The understanding that the Second Amendment gave
freed blacks the right to keep and bear arms was reflected
in congressional discussion of the bill, with even an opponent
of it saying that the founding generation “were for
every man bearing his arms about him
and keeping them
in his house, his castle, for his own defense.” Cong. Globe,
39th Cong., 1st Sess., 362, 371 (1866) (Sen. Davis).
Similar discussion attended the passage of the Civil
Rights Act of 1871 and the Fourteenth Amendment.
For example, Representative Butler said of the Act:
Section eight is intended to enforce the well-known constitutional
provision guaranteeing the right of the citizen to ‘keep and
bear arms
,’ and provides that whoever shall take away, by
force or violence, or by threats and intimidation, the arms
and weapons which any person may have for his defense,
shall be deemed guilty of larceny of the same.” H. R. Rep.
No. 37, 41st Cong., 3d Sess., pp. 7"8 (1871). With respect
to the proposed Amendment, Senator Pomeroy described
as one of the three “indispensable” “safeguards of liberty
. . . under the Constitution” a man’s “right to bear arms for
the defense of himself and family and his homestead.”

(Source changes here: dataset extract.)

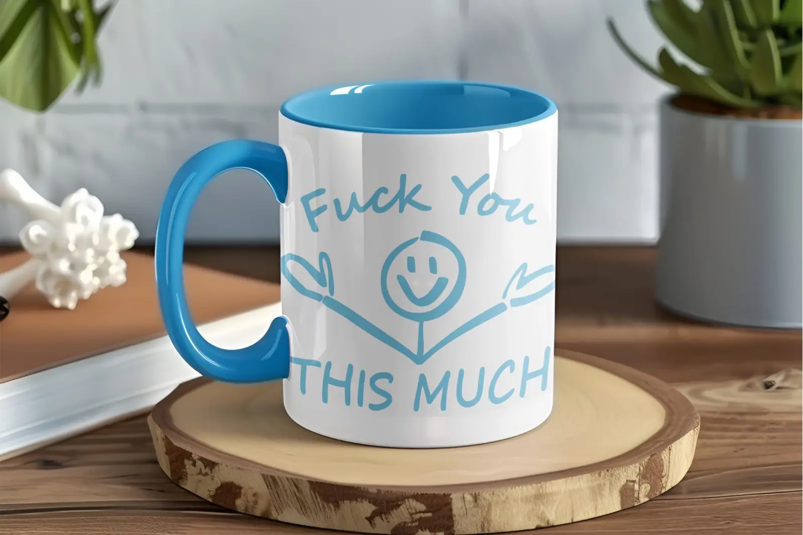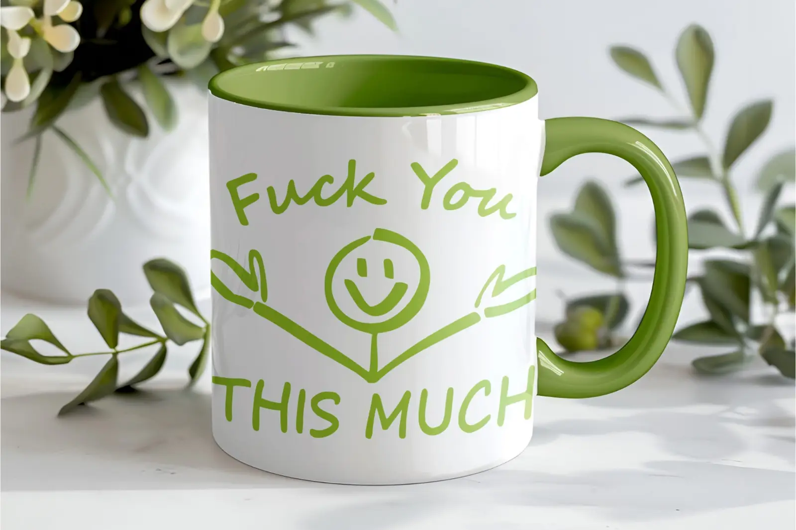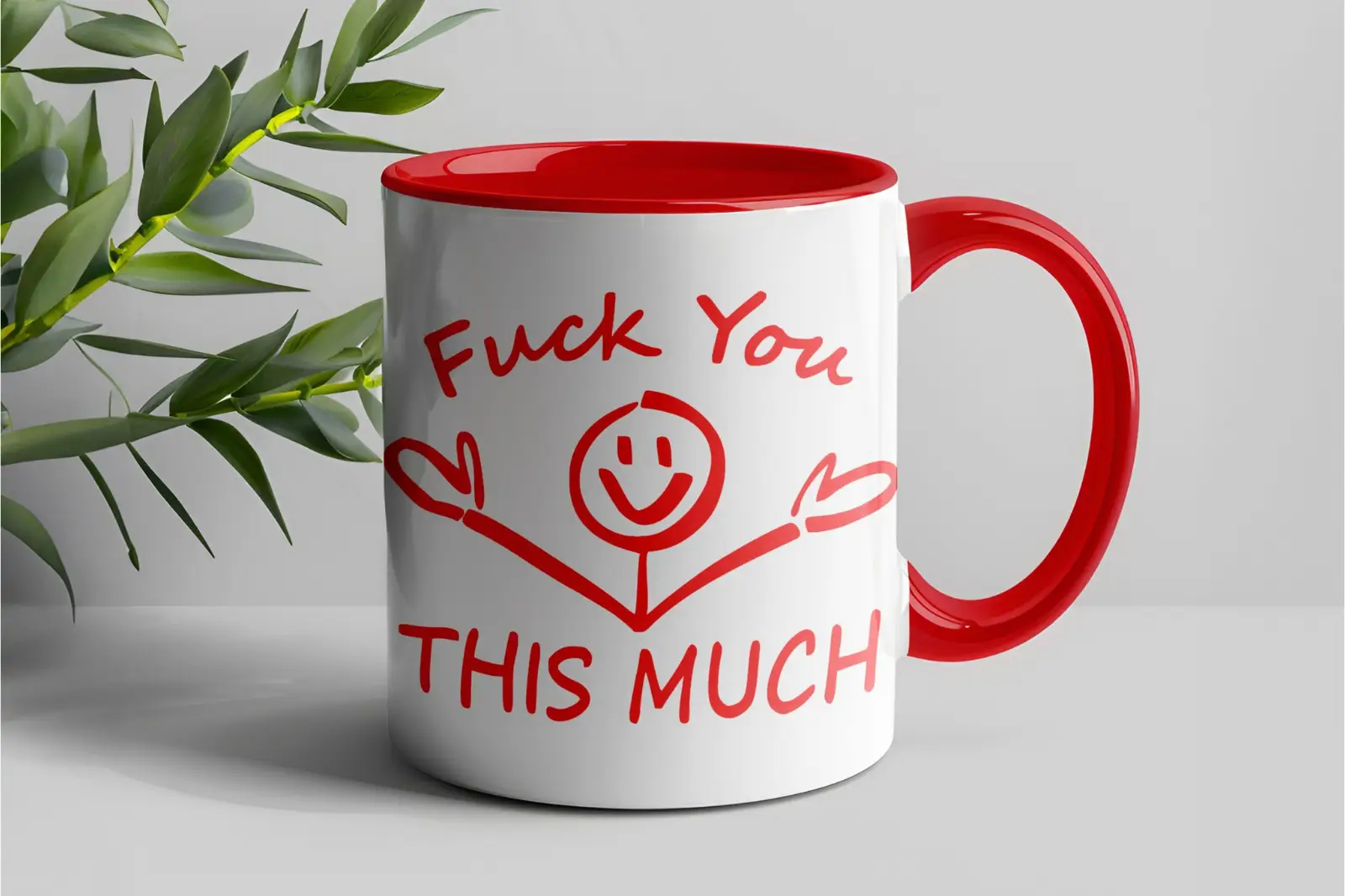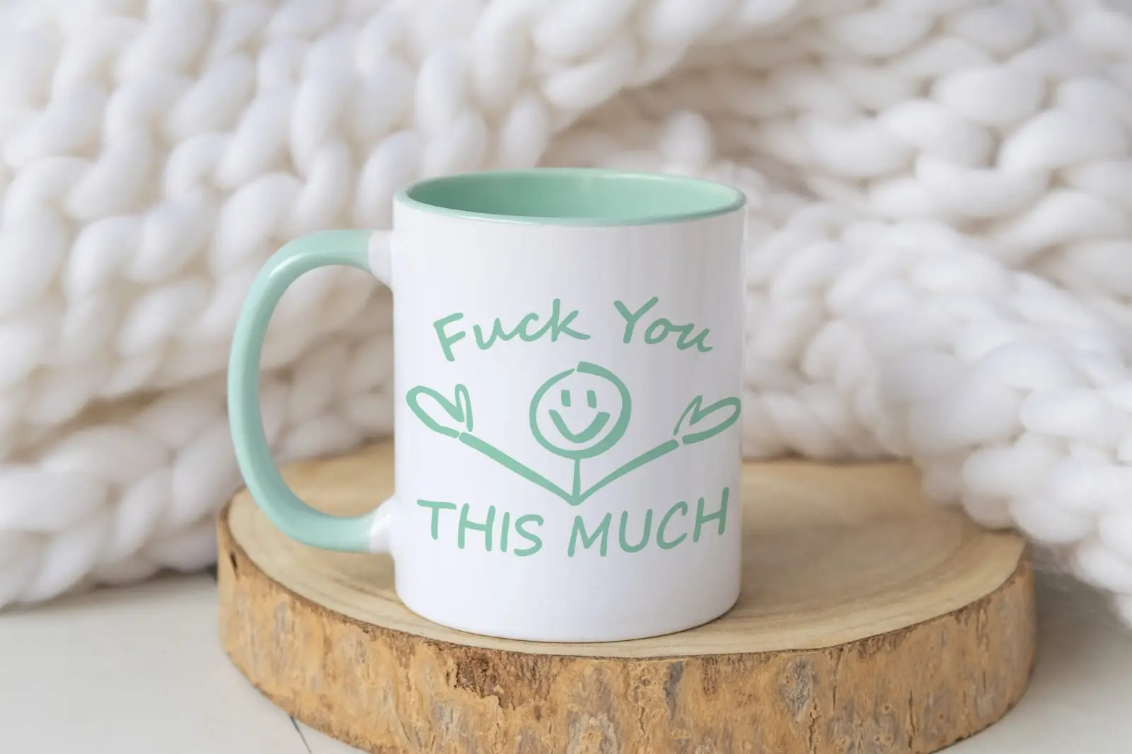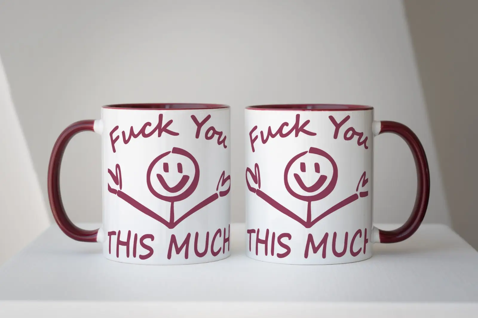 Diese Tasse spielt genau damit – von außen wirkt sie fast herzlich, das Motiv erinnert an eine Umarmung. Erst der Spruch macht klar was gemeint ist. „Fuck You This Much” – so direkt wie es gemeint ist, aber verpackt in ein Design das trotzdem für Lacher sorgt statt für Empörung.

Cong. Globe, 39th Cong., 1st Sess., 1182 (1866).
Representative Nye thought the Fourteenth Amendment
unnecessary because “[a]s citizens of the United States [blacks]
have equal right to protection, and to keep and bear arms
for self-defense.” Id., at 1073 (1866).
It was plainly the understanding in the post-Civil War Congress
that the Second Amendment protected an individual
right to use arms for self-defense
.

[All emfasis has been added by David.]





David
0 Replies
 
Setanta
 
  1  
Reply Thu 25 Feb, 2010 07:54 am
Prolonged ranting, and the silly use of larger fonts and bold-faced fonts doesn't make your point.
OmSigDAVID
 
  1  
Reply Thu 25 Feb, 2010 08:35 am
@Setanta,
Setanta wrote:
Prolonged ranting, and the silly use of larger fonts and bold-faced fonts doesn't make your point.
I was addressing your concerns
and indicating the more significant points within the writing.


It cannot be ranting
when it is not my writing, but rather
quoting America 's highest Court, at some length.

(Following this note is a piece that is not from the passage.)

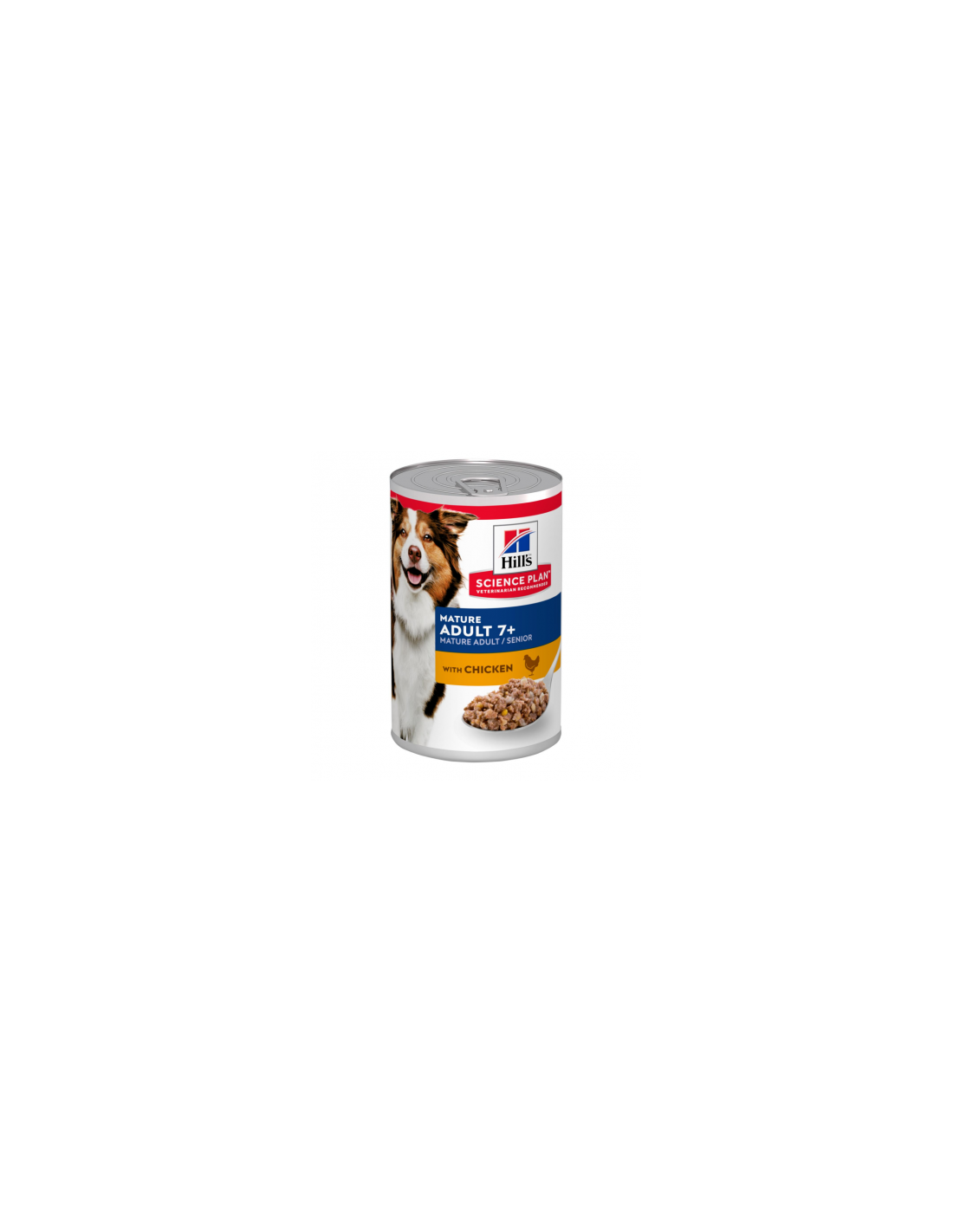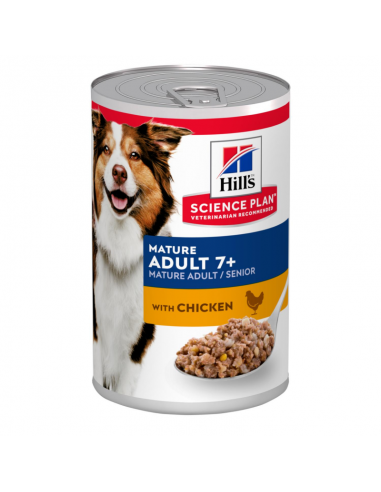Lata Hill's Science Plan Mature Adult de pollo, para perros mayores a los 7 años.

I only used a larger font ONCE,
which was to accentuate YOUR writing.


I take it that u did not read my answers to u,
as u did not yesterday.





David
0 Replies
 
Setanta
 
  1  
Reply Thu 25 Feb, 2010 08:47 am
Oh, i've read your posts, but they don't make your point. Perhaps you have forgotten what your point is.

Quote:
Historically, "gun control" was born of southern racism against the blacks.

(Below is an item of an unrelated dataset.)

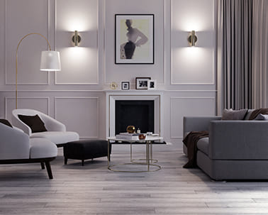 Адреса магазиновМинерально-каменный MSPC ламинат Дуб Ривьера — это полы дымчатого светлого цвета с серыми прожилками. Могут менять свой оттенок в зависимости от освещения: при теплом свете они больше похожи на пол цвета слоновой кости, при холодном — становятся бело-серыми. Поверхность имеет глубокую текстурированность и 4-стороннюю глубокую фаску. Ламель имеет узкий формат 141 мм, оптимальный для городских жилых помещений.

This was your opening statement. It's an obvious ploy to suggest that gun control only exists because of racist attitudes. You have failed to sustain your point. Barron is pre-civil war. The post civil war decisions of the Court, Cruikshank and Presser, found that the second amendment binds the national government, but not the states; you provide no evidence that the Court ever found that gun control was odious, and especially that it was odious on the basis of racial discrimination. Quite apart from that, you have failed to show that state laws prohibited gun ownership solely on the basis of race.

I see this as a feeble attempt to discredit gun control, just as is the silly claim that people who favor gun control "hate freedom." You are certainly entitled to your opinion, but if you claim you have an historical basis for your contention, yet you fail to demonstrate such a case, i am entitled to challenge you on that basis.